In so doing, Deming articulated his 14 Points for Management.  These, whilst many have become commonplace today, still resonate well.

  1. Create constancy of purpose toward improvement of product and service, with the aim to become competitive and to stay in business, and to provide jobs.
  2. Adopt the new philosophy. We are in a new economic age. Western management must awaken to the challenge, must learn their responsibilities, and take on leadership for change.
  3. Cease dependence on inspection to achieve quality. Eliminate the need for inspection on a mass basis by building quality into the product in the first place.
  4. End the practice of awarding business on the basis of price tag. Instead, minimize total cost. Move toward a single supplier for any one item, on a long-term relationship of loyalty and trust.
  5. Improve constantly and forever the system of production and service, to improve quality and productivity, and thus constantly decrease costs.
  6. Institute training on the job.
  7. Institute leadership (see Point 12 and Ch. 8). The aim of supervision should be to help people and machines and gadgets to do a better job. Supervision of management is in need of overhaul, as well as supervision of production workers.
  8. Drive out fear, so that everyone may work effectively for the company (see Ch. 3).
  9. Break down barriers between departments. People in research, design, sales, and production must work as a team, to foresee problems of production and in use that may be encountered with the product or service.
  10. Eliminate slogans, exhortations, and targets for the work force asking for zero defects and new levels of productivity. Such exhortations only create adversarial relationships, as the bulk of the causes of low quality and low productivity belong to the system and thus lie beyond the power of the work force.
  11. a. Eliminate work standards (quotas) on the factory floor. Substitute leadership.
    b. Eliminate management by objective. Eliminate management by numbers, numerical goals. Substitute leadership.

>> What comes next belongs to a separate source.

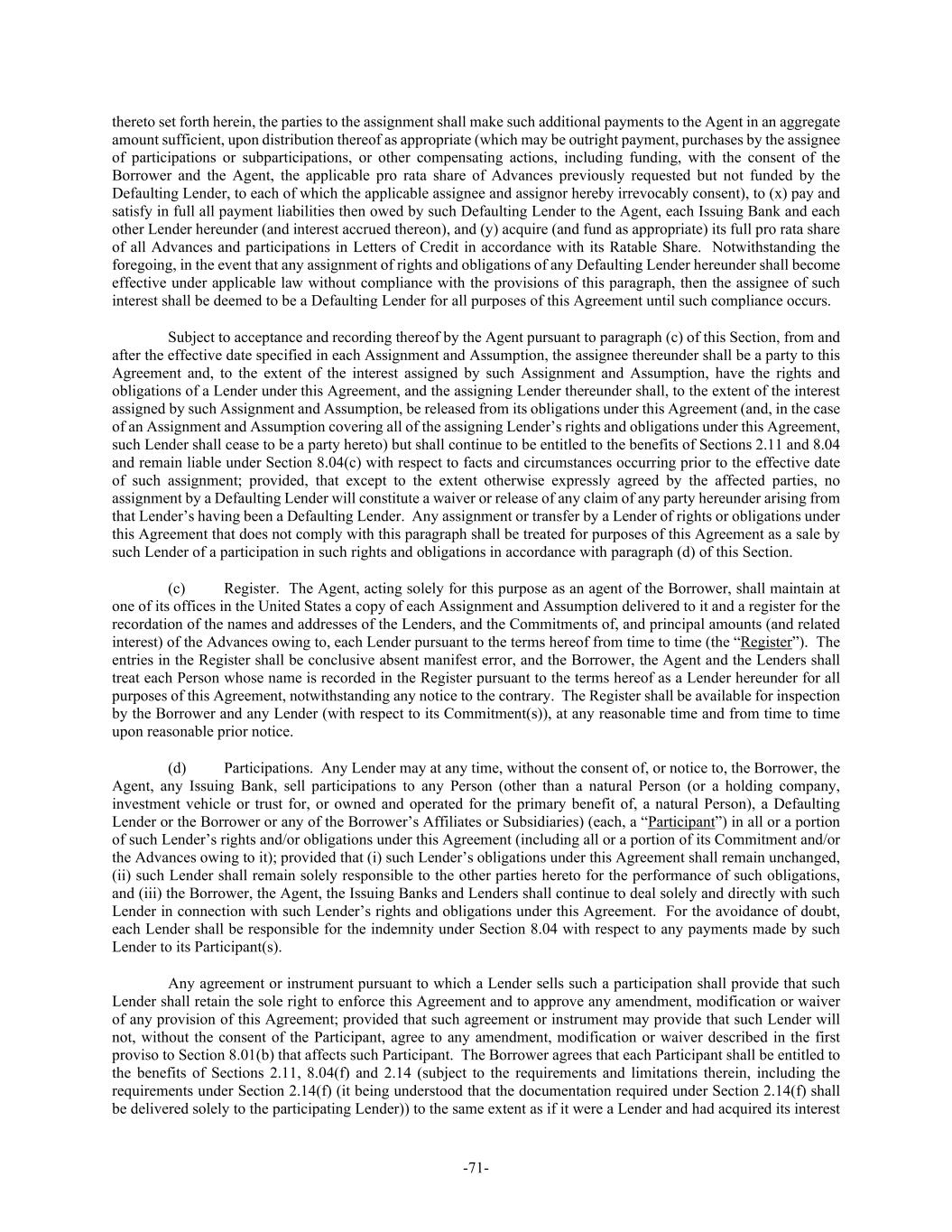 -71- thereto set forth herein, the parties to the assignment shall make such additional payments to the Agent in an aggregate amount sufficient, upon distribution thereof as appropriate (which may be outright payment, purchases by the assignee of participations or subparticipations, or other compensating actions, including funding, with the consent of the Borrower and the Agent, the applicable pro rata share of Advances previously requested but not funded by the Defaulting Lender, to each of which the applicable assignee and assignor hereby irrevocably consent), to (x) pay and satisfy in full all payment liabilities then owed by such Defaulting Lender to the Agent, each Issuing Bank and each other Lender hereunder (and interest accrued thereon), and (y) acquire (and fund as appropriate) its full pro rata share of all Advances and participations in Letters of Credit in accordance with its Ratable Share. Notwithstanding the foregoing, in the event that any assignment of rights and obligations of any Defaulting Lender hereunder shall become effective under applicable law without compliance with the provisions of this paragraph, then the assignee of such interest shall be deemed to be a Defaulting Lender for all purposes of this Agreement until such compliance occurs. Subject to acceptance and recording thereof by the Agent pursuant to paragraph (c) of this Section, from and after the effective date specified in each Assignment and Assumption, the assignee thereunder shall be a party to this Agreement and, to the extent of the interest assigned by such Assignment and Assumption, have the rights and obligations of a Lender under this Agreement, and the assigning Lender thereunder shall, to the extent of the interest assigned by such Assignment and Assumption, be released from its obligations under this Agreement (and, in the case of an Assignment and Assumption covering all of the assigning Lender’s rights and obligations under this Agreement, such Lender shall cease to be a party hereto) but shall continue to be entitled to the benefits of Sections 2.11 and 8.04 and remain liable under Section 8.04(c) with respect to facts and circumstances occurring prior to the effective date of such assignment; provided, that except to the extent otherwise expressly agreed by the affected parties, no assignment by a Defaulting Lender will constitute a waiver or release of any claim of any party hereunder arising from that Lender’s having been a Defaulting Lender. Any assignment or transfer by a Lender of rights or obligations under this Agreement that does not comply with this paragraph shall be treated for purposes of this Agreement as a sale by such Lender of a participation in such rights and obligations in accordance with paragraph (d) of this Section. (c) Register. The Agent, acting solely for this purpose as an agent of the Borrower, shall maintain at one of its offices in the United States a copy of each Assignment and Assumption delivered to it and a register for the recordation of the names and addresses of the Lenders, and the Commitments of, and principal amounts (and related interest) of the Advances owing to, each Lender pursuant to the terms hereof from time to time (the “Register”). The entries in the Register shall be conclusive absent manifest error, and the Borrower, the Agent and the Lenders shall treat each Person whose name is recorded in the Register pursuant to the terms hereof as a Lender hereunder for all purposes of this Agreement, notwithstanding any notice to the contrary. The Register shall be available for inspection by the Borrower and any Lender (with respect to its Commitment(s)), at any reasonable time and from time to time upon reasonable prior notice. (d) Participations. Any Lender may at any time, without the consent of, or notice to, the Borrower, the Agent, any Issuing Bank, sell participations to any Person (other than a natural Person (or a holding company, investment vehicle or trust for, or owned and operated for the primary benefit of, a natural Person), a Defaulting Lender or the Borrower or any of the Borrower’s Affiliates or Subsidiaries) (each, a “Participant”) in all or a portion of such Lender’s rights and/or obligations under this Agreement (including all or a portion of its Commitment and/or the Advances owing to it); provided that (i) such Lender’s obligations under this Agreement shall remain unchanged, (ii) such Lender shall remain solely responsible to the other parties hereto for the performance of such obligations, and (iii) the Borrower, the Agent, the Issuing Banks and Lenders shall continue to deal solely and directly with such Lender in connection with such Lender’s rights and obligations under this Agreement. For the avoidance of doubt, each Lender shall be responsible for the indemnity under Section 8.04 with respect to any payments made by such Lender to its Participant(s). Any agreement or instrument pursuant to which a Lender sells such a participation shall provide that such Lender shall retain the sole right to enforce this Agreement and to approve any amendment, modification or waiver of any provision of this Agreement; provided that such agreement or instrument may provide that such Lender will not, without the consent of the Participant, agree to any amendment, modification or waiver described in the first proviso to Section 8.01(b) that affects such Participant. The Borrower agrees that each Participant shall be entitled to the benefits of Sections 2.11, 8.04(f) and 2.14 (subject to the requirements and limitations therein, including the requirements under Section 2.14(f) (it being understood that the documentation required under Section 2.14(f) shall be delivered solely to the participating Lender)) to the same extent as if it were a Lender and had acquired its interest

  12. a. Remove barriers that rob the hourly worker of his right to pride of workmanship. The responsibility of supervisors must be changed from sheer numbers to quality.
    b. Remove barriers that rob people in management and in engineering of their right to pride of workmanship. This means, inter alia, abolishment of the annual or merit rating and of management by objective (see Ch. 3).
  13. Institute a vigorous program of education and self-improvement.
  14. Put everybody in the company to work to accomplish the transformation. The transformation is everybody’s job.